To conclude this topic, a small question if you don't mind (I think this is the only thing which left uncovered): is it possible for the Grafana Agent to receive metrics over grpc/http that are pushed by e.g. java app with the OTLP instrumentation agent, as we can do in case of collecting traces?
traces:
configs:
- name: default
receivers:
otlp:
protocols:
grpc:
http:
Looks like this is not possible to have the same block under the metrics:
section. The example in the docs shows only how to configure it via the scraping apps by Grafana Agent itself (the "opposite" way).
It's possible with Flow mode (here's a blog post explaining why we're building Flow mode), but not the older "static" agent mode (the YAML) config.
We believe Flow mode is the future of the agent, but we're still working on feature parity, which is why it's not the default recommendation for agent users yet. In the future, once we have feature parity with the older static agent mode, we'll have tools the be able to help people migrate to Flow mode from the static mode's YAML config.
Here's an example Flow mode pipeline which can do what you're looking for.
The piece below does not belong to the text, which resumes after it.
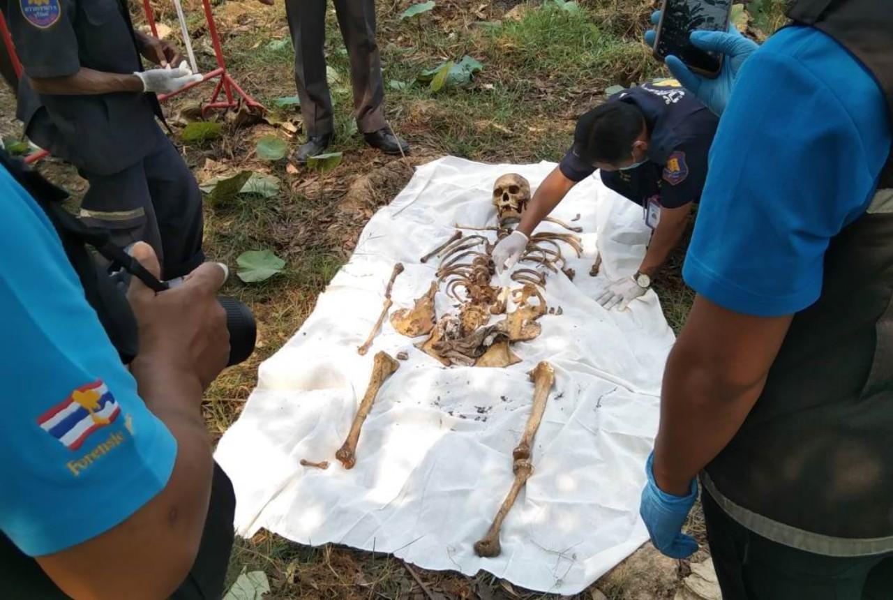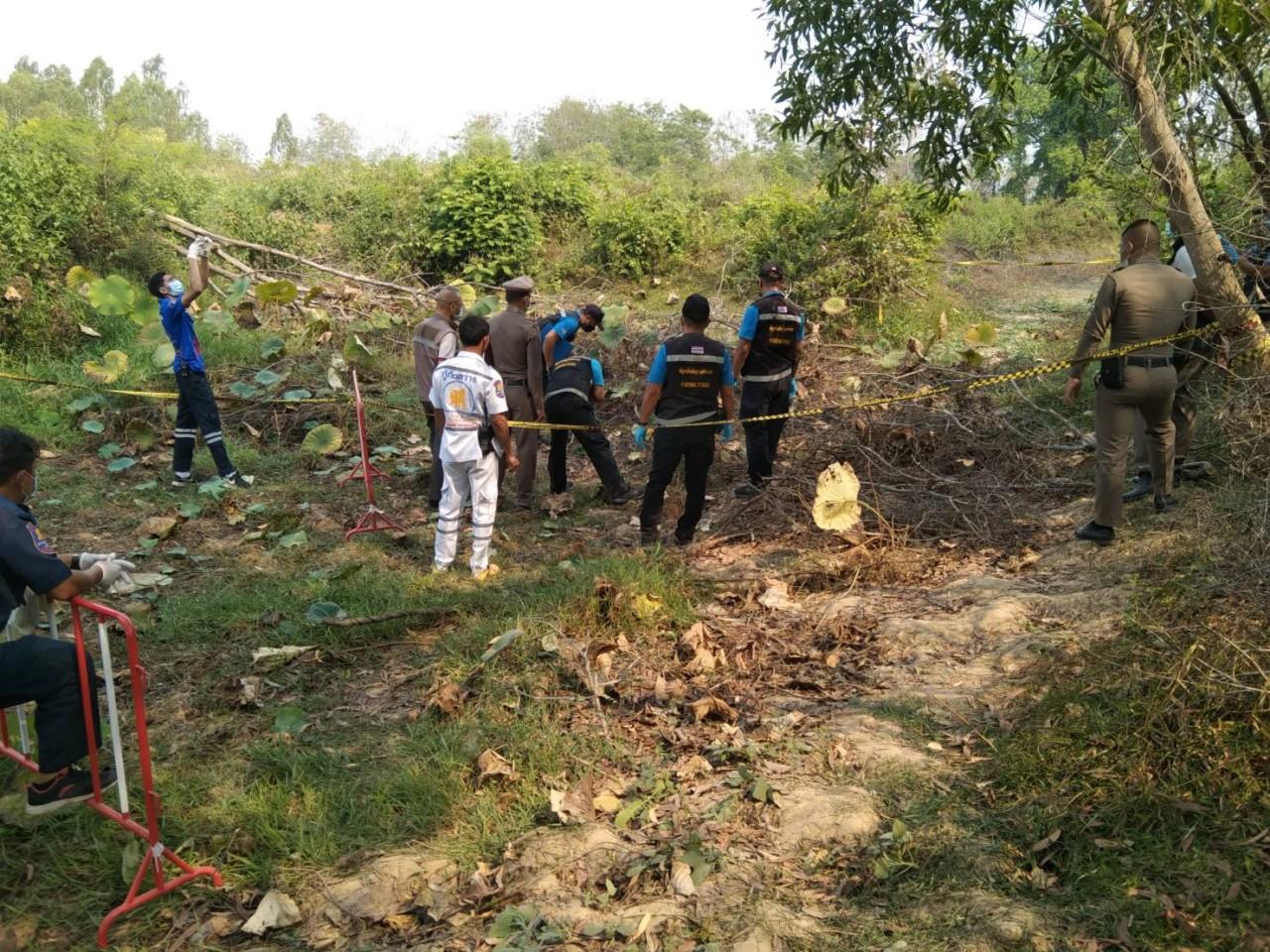 ที่เกิดเหตุเป็นสระน้ำขนาดความกว้างประมาณ 7 เมตร ยาวประมาณ 100 เมตร และลึกประมาณ 70 เมตร ซึ่งเป็นสระน้ำในที่ดินสาธารณะท้ายหมู่บ้าน อยู่ในสภาพแห้งขอด มีเศษกิ่งไม้และต้นบัวขึ้นอยู่ พบกะโหลกศีรษะ และชิ้นส่วนกระดูกลักษณะคล้ายกับโครงกระดูกมนุษย์ กระจายอยู่ทั่วบริเวณสระน้ำที่แห้งขอดดังกล่าว เจ้าหน้าที่จึงทำการตรวจที่เกิดเหตุ พร้อมทั้งเก็บโครงกระดูกดังกล่าวนำส่งให้สถาบันนิติเวชเพื่อตรวจพิสูจน์อัตลักษณ์บุคคล เพื่อยืนยันตัวตนต่อไป
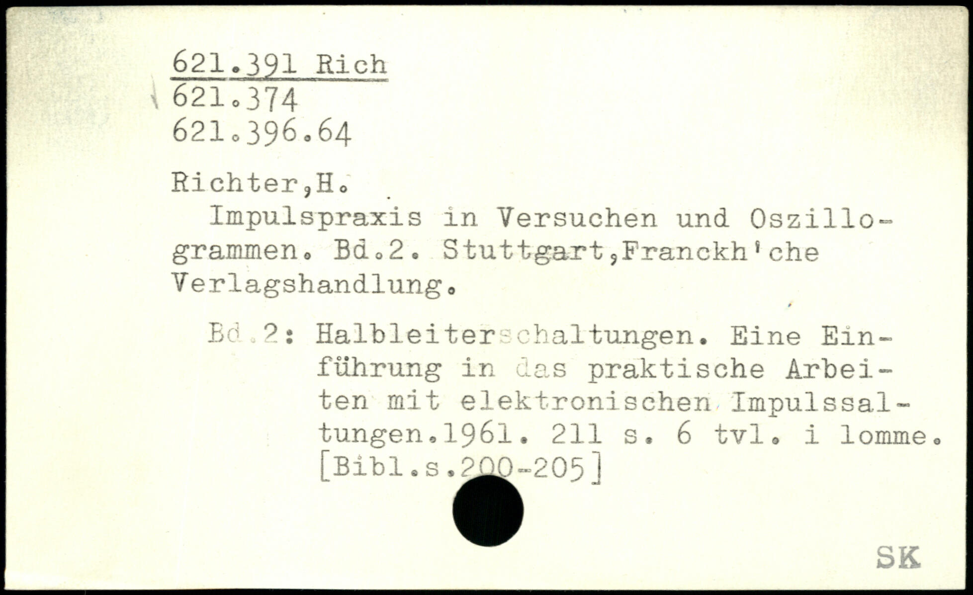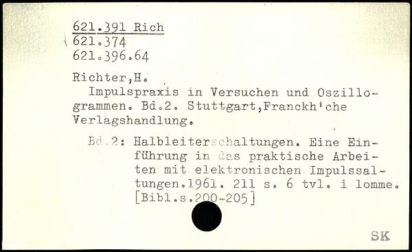 Richter ?Ho Impulspraxis in Versuchen und Oszillo-grammen. Bd<>2. Stuttgart,Franckh'che Verlagshandlung. Ed 2: Halbleiterachaltungen. Eine Einführung in das praktische Arbeiten mit elektronischen Impulssal-tungen.1961.

It first accepts OTLP data over gRPC and HTTP, then forwards it out over OTLP again:
// Define an otelcol.receiver.otlp component labeled "default" which
// will accept OTLP data over the network.
otelcol.receiver.otlp "default" {
http {} // Accept OTLP over HTTP
grpc {} // Accept OTLP over gRPC
// Forward all signals to our otelcol.exporter.otlp.default component
// defined below.
output {
metrics = [otelcol.exporter.otlp.default.input]
logs = [otelcol.exporter.otlp.default.input]
traces = [otelcol.exporter.otlp.default.input]
}
}
// Define an otelcol.exporter.otlp component labeled "default"
// which forwards received data to some endpoint.
otelcol.exporter.otlp "default" {
client {
endpoint = ENDPOINT // Replace ENDPOINT with a string to send data to
tls {
insecure = true
insecure_skip_verify = true
}
}
}
This second pipeline accepts metrics over OTLP gRPC, converts it to Prometheus metrics, and then forwards the resulting metrics over remote_write:
// Define an otelcol.receiver.otlp component labeled "default" which
// will accept OTLP data over the network.
otelcol.receiver.otlp "default" {
grpc {} // Accept OTLP over gRPC.
// This time, only forward metrics to our otelcol.exporter.prometheus
// component defined below.
output {
metrics = [otelcol.exporter.prometheus.default.input]
}
}
// Define an otelcol.exporter.prometheus component labeled
// default, which converts received OpenTelemetry data
// into Prometheus metrics.
otelcol.exporter.prometheus "default" {
// Forward converted metrics to our remote_write component.
forward_to = [prometheus.remote_write.default.receiver]
}
// Define a prometheus.remote_write component labeled default,
// which sends Prometheus-formatted metrics over the network
// using the remote_write protocol.
prometheus.remote_write "default" {
endpoint {
url = REMOTE_WRITE_ENDPOINT
}
}
As shown through these two examples, Flow mode is much more flexible of what is possible to do with its components, including moving between native OpenTelemetry components and native Prometheus components.
Thank you one more time, I'll ponder over it. I believe we can close the issue.
This is more a question about the documentation. I think it's not quite clear of how the metrics that have been polled by Grafana Agent are delivered to the external metrics storage (Prometheus/Grafana Mimir/Grafana Cloud Metrics). I can only see the "pushing" approach, so you can use
remote_write
in this case, and your external metrics storage should be set up as a remote-write receiver. However, I've seen a lot of articles in which this was considered a bad practice - it was advised to always use the "polling" method unless you can't poll from the metrics source (which is not relevant to Grafana Agent that has an API for this). I believe this was even mentioned in the Prometheus docs. So, what's the right way to do this? If it depends on your preference or the Grafana Agent doesn't support some ways at all (which can be intended or not), I think it should be mentioned in the readme (in form of a comparison table of these strategies or smth like that).